The plaintiff’s motion to abandon and withdraw her appeal on 9 May 1974 was from the notice of appeal given in the judgment filed 21 March 1974 and amended 28 March 1974, not from the denial of plaintiff’s motion under Rule 60(b) made on the same date. The order signed by Judge Wood on 15 May 1974, allowing plaintiff to abandon and withdraw an appeal, did not encompass the denial of plaintiff’s Rule 60 motion which Judge Wood on 1 April 1974 attempted to set aside but had no jurisdiction to do so. Therefore, the record does not disclose any abandonment of plaintiff’s appeal from the judgment and order of 28 March 1974 denying relief under Rule 60 (b).

That being true, it follows that the superior court did not have jurisdiction to enter the order dated 16 May 1974 with respect to plaintiff’s Rule 60 motion since that appeal had not been abandoned.

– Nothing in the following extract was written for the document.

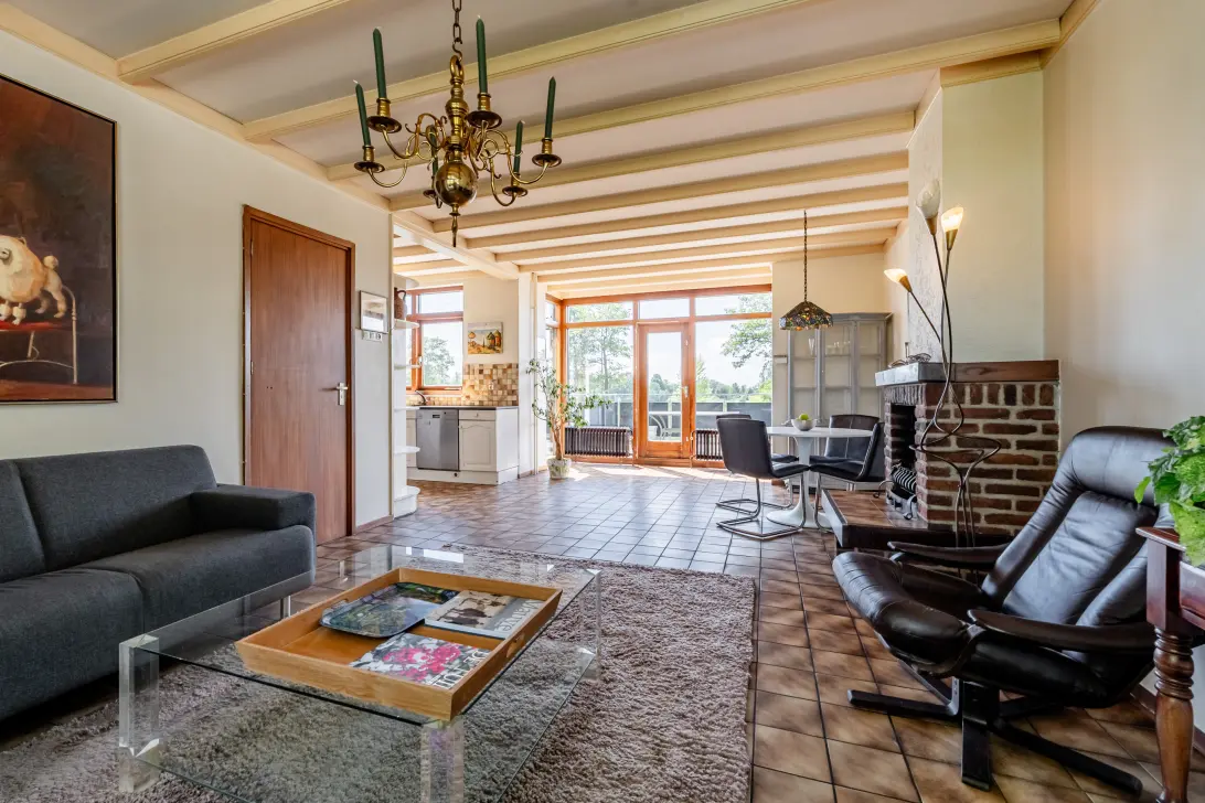 Through the staircase from the hall you reach the landing. From here you have access to: the living room with open kitchen, bathroom (with sink and shower) and separate toilet. The bright living room has a tiled floor with underfloor heating and a cozy fireplace. The spacious living room also gives you access to the balcony at the front with sliding doors, where you can enjoy the morning sun. At the rear you enter the spacious roof terrace located on the southwest through the patio doors. Here you can enjoy the sun and the unobstructed view over the Gaasp in peace and privacy. If you prefer to sit in the shade, you can turn off the electric sunshade. The open kitchen located at the rear has plenty of cupboard space and various built-in appliances such as: ceramic hob, extractor hood, combi oven, dishwasher and refrigerator.
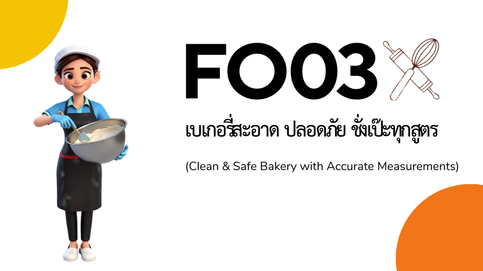 หลักสูตรนี้จัดทำขึ้นเพื่อให้การทำเบเกอรี่เป็นไปอย่างสะอาด ปลอดภัย และชั่งตวงวัดส่วนผสมได้อย่างถูกต้อง

For the reasons stated, the order dated 16 May 1974 is

Vacated.

Judge Hedrick concurs.

*300Judge Baley dissents.

Judge Baley

dissenting.

I construe the proceedings appearing in the record as filed 1 April 1974 to constitute an adjudication by the court that the appeal of the plaintiff from denial of the Rule 60 motion had been abandoned. It follows that the Superior Court had jurisdiction to order a new hearing. After such hearing in which all parties participated, the court entered a judgment dated 16 May 1974 from which defendant has appealed.

I am of the opinion that the case should be heard and determined upon its merits. The judgment granting plaintiff’s motion under Rule 60 should be affirmed.